DATES: Submit comments by October 11, 1994. Comments received after 
this date will be considered if it is practical to do so, but the 
Commission is able to assure consideration only for comments received 
on or before this date.

ADDRESSES: Submit written comments to the Secretary of the Commission, 
U.S. Nuclear Regulatory Commission, Washington, DC 20555, Attention: 
Docketing and Service Branch. Hand deliver comments to: 11555 Rockville 
Pike, Rockville, Maryland, between 7:45 am and 4:15 pm Federal 
workdays.
    For a copy of the petition, write the Rules Review and Directives 
Branch, Division of Freedom of Information and Publications Services, 
Office of Administration, U.S. Nuclear Regulatory Commission, 
Washington, DC 20555.
    The petition and copies of comments received may be inspected and 
copied for a fee at the NRC Public Document Room, 2120 L Street, NW. 
(Lower Level), Washington, DC.

FOR FURTHER INFORMATION CONTACT: Michael T. Lesar, Chief, Rules Review 
Section, Rules Review and Directives Branch, Division of Freedom of 
Information and Publications Services, Office of Administration, U.S. 
Nuclear Regulatory Commission, Washington, DC 20555, Telephone: 301-
415-7163 or Toll Free: 800-368-5642.

SUPPLEMENTARY INFORMATION:

Background

    The petitioner states that in order to ``provide adequate 
protection of public health and safety'' and to observe ``the principle 
of keeping all radiation exposures `as low as is reasonably 
achievable,''' the NRC has revised its standards for protection against 
radiation.
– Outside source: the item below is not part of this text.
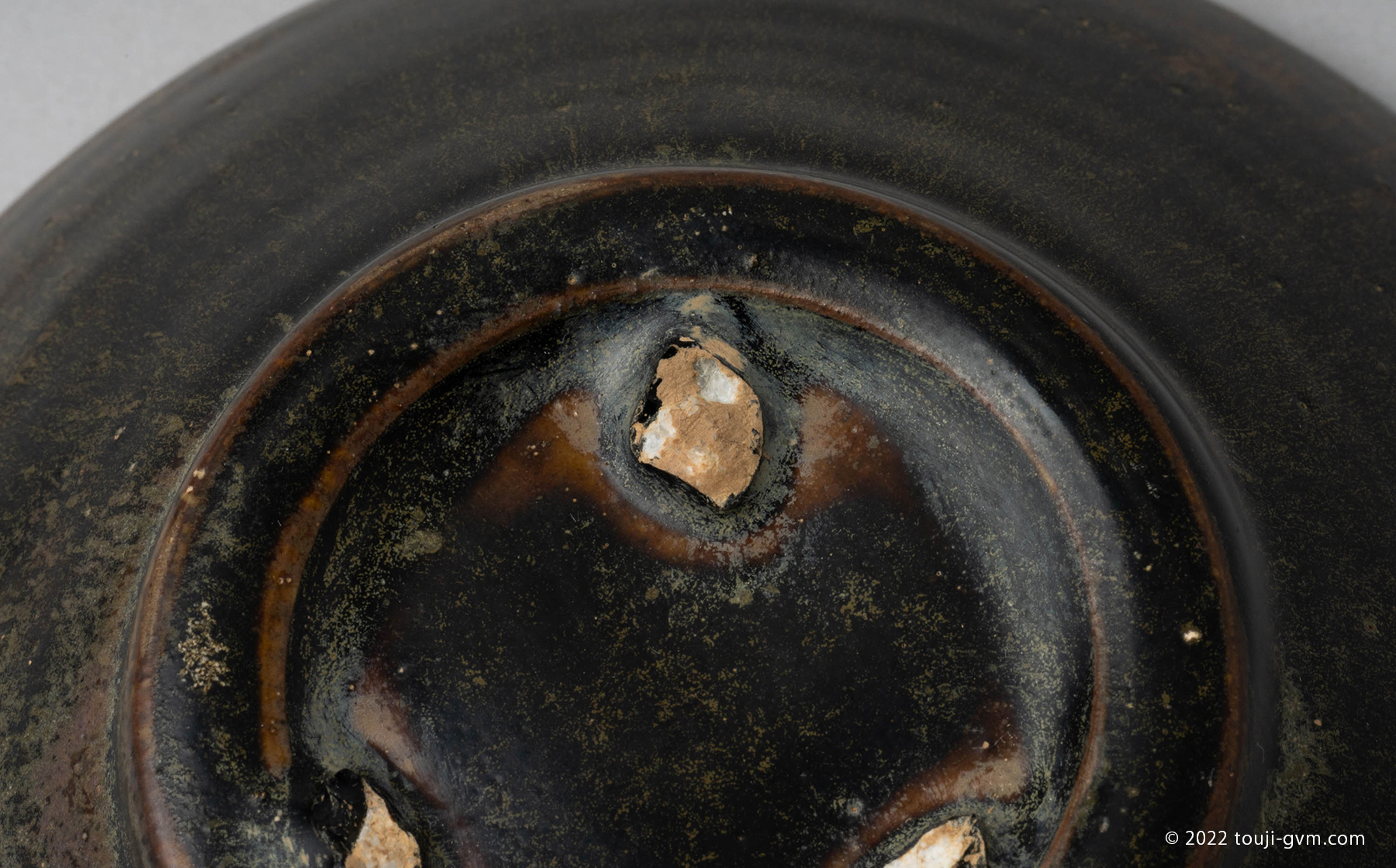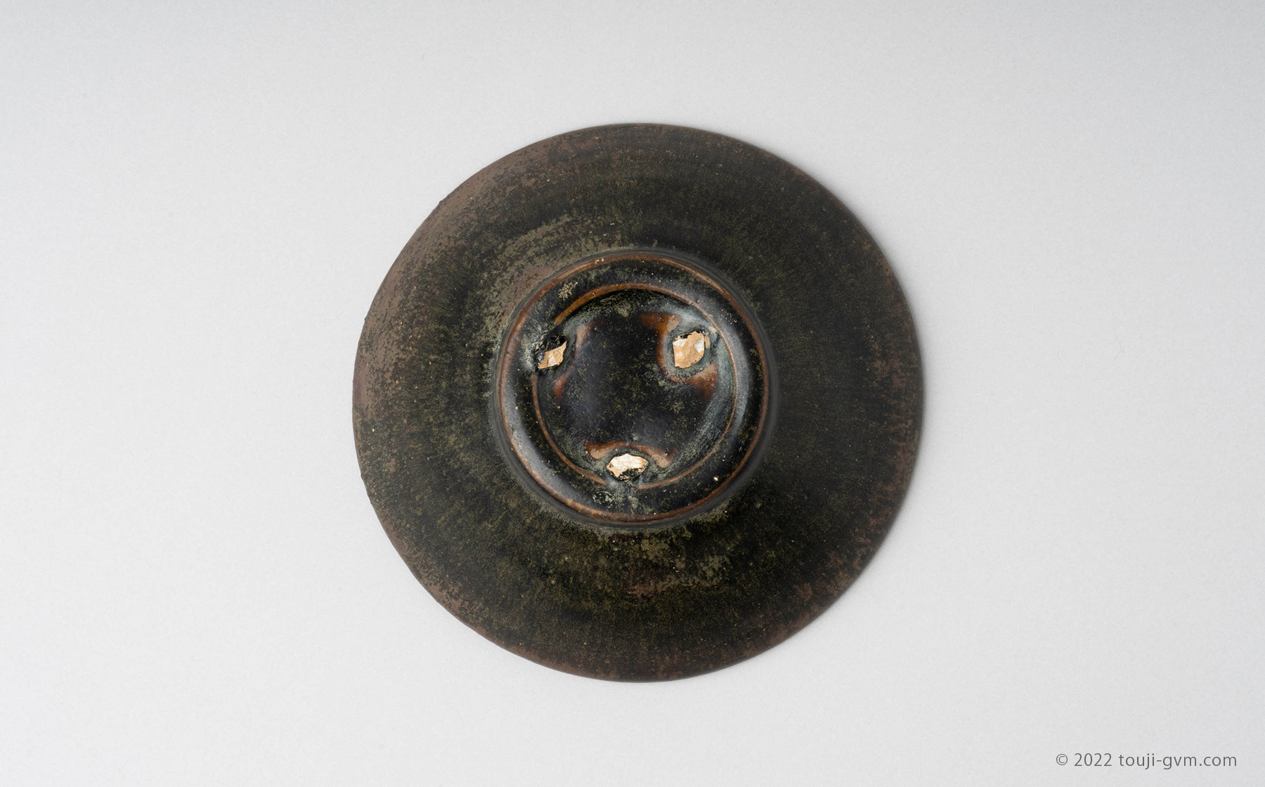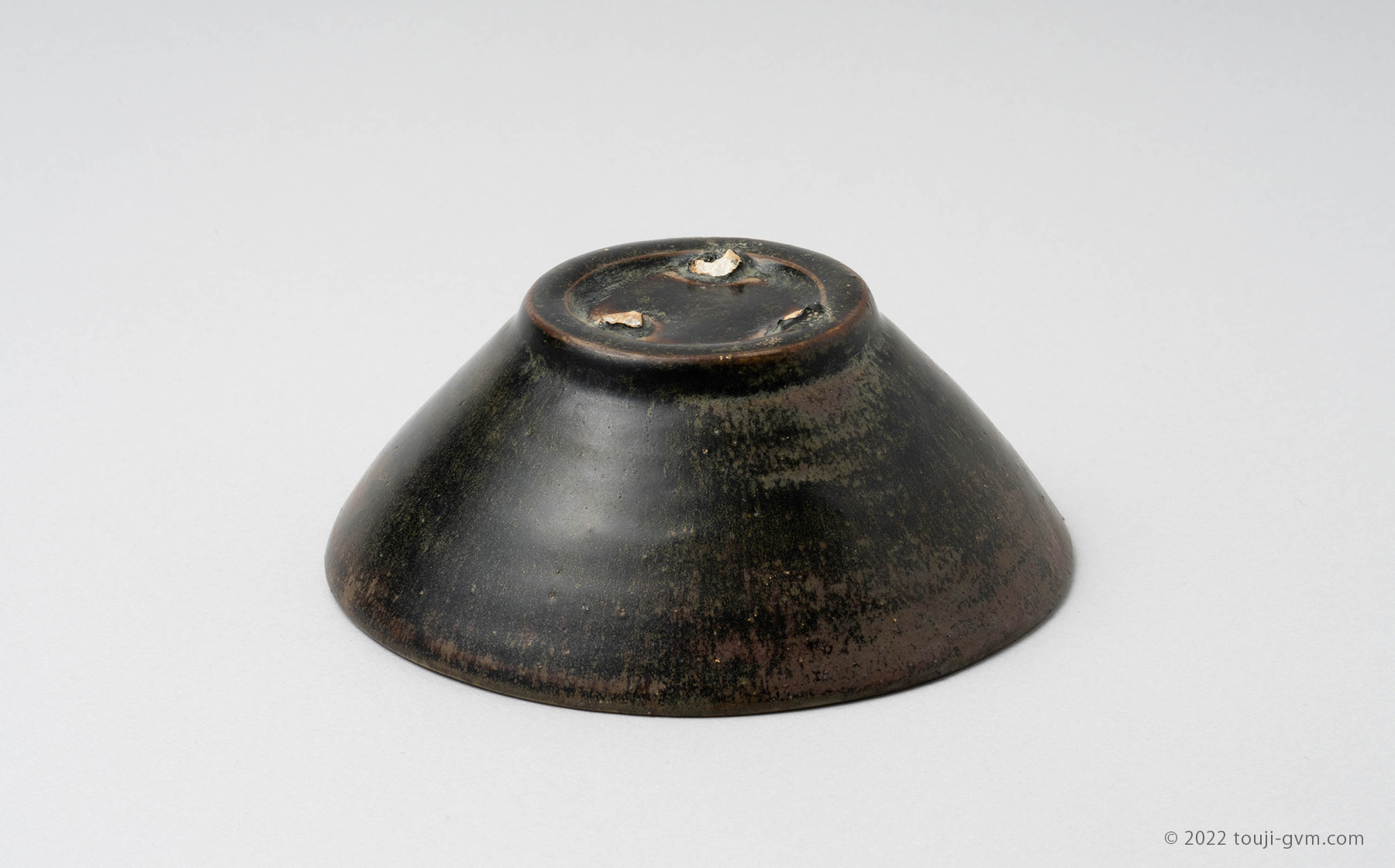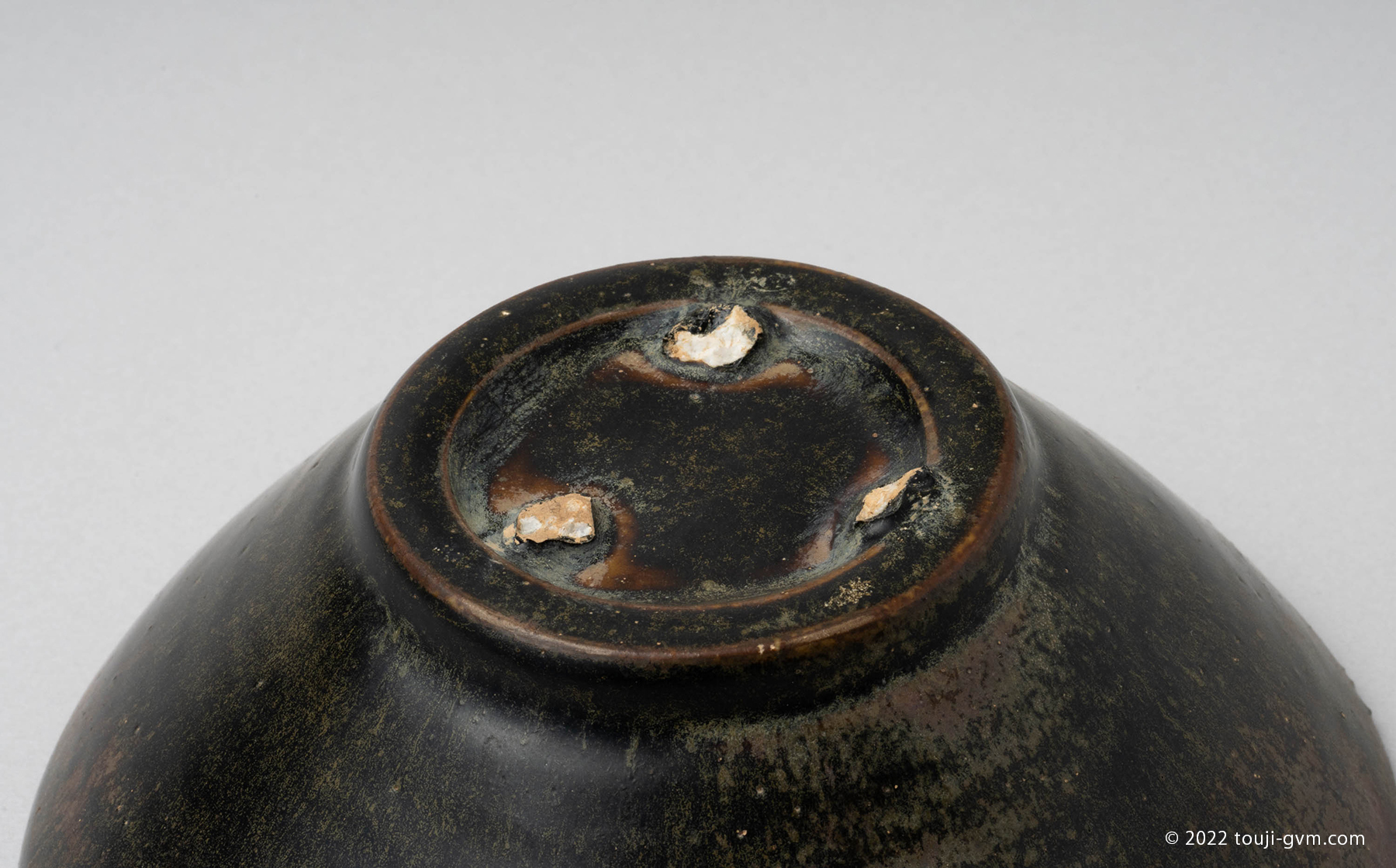 太く作られた高台には大きな石目跡が3つ残り、高台内までの総釉となっています。

NRC proposed a revision of the regulations governing 
radiation use and exposure limits in 1976. Modifications of the revised 
regulation were proposed in 1979, 1980, 1983, 1985, and 1986. Revised 
regulations were published May 21, 1991 (56 FR 23360), to become 
effective June 21, 1991, and to be fully implemented by January 1, 1993 
(later extended to January 1, 1994, see 57 FR 38588; August 26, 1992). 
The petitioner states that the section of the final rule relevant to 
outpatient treatment with I\131\ or other radiopharmaceuticals 
(Sec. 20.1301) reduces the radiation exposure limit to the public from 
500 mRem/year to 100 mRem/year.
    The petitioner believes that Sec. 20.1301 will have an adverse 
impact on the availability and the cost of treatment of thyroid 
disease, which will outweigh the advantages of reduced radiation 
exposure to the public. Therefore, the petitioner requests that this 
provision be amended to restore the previous external radiation limit 
of 500 mRem/year.

Petition

    The AMA, following a report of its Council on Scientific Affairs 
(CSA Report F (A-92)), submitted a petition for rulemaking to the NRC. 
The petitioner also submitted CSA Report F in support of the petition. 
The petitioner states that the medical use of inorganic sodium I\131\ 
has been an effective component of medical practice for over 35 years. 
The petitioner also states that radioactive biologicals, such as 
monoclonal antibodies labeled with I\131\, have been added to the 
physician's armamentarium. The petitioner believes that the ability of 
the physician to administer I\131\ on an outpatient basis has 
maintained the accessibility and minimized the costs of these 
treatments. According to the petitioner, patients treated with I\131\ 
must contain no more than 30 mCi total body activity before they may be 
released from the treatment facility. The petitioner states that 
therapeutic use of I\131\, particularly in the treatment of thyroid 
carcinoma, often requires doses in excess of 30 mCi, and may require 
doses as great as 400 mCi.
    The petitioner states that because doses of 30 mCi of I\131\ are 
substantially below the doses typically used to treat thyroid 
carcinoma, treatment of up to 10,000 cancer patients annually with 
appropriate doses would require the hospitalization of the patients 
under the revised regulation (10 CFR 20.1301). The petitioner argues 
that this new radiation exposure limit set by the NRC is inconsistent 
with medical experience and is not necessary in order to protect the 
public from radiation hazards. The petitioner states that the new 
radiation exposure limit will reduce both early release of patients and 
the treatment of patients at home, thus creating potentially avoidable 
hospital inpatient costs and burdens on the health care delivery 
system.

Suggested Changes to the Regulations

    The petitioner requests that the following amendments to the NRC's 
regulations be made:
    1. Reinstate Sec. 20.107 from the regulations in effect before the 
1991 amendments to Part 20. The added section would read as follows:

Section 20.107  Medical Diagnosis and Therapy.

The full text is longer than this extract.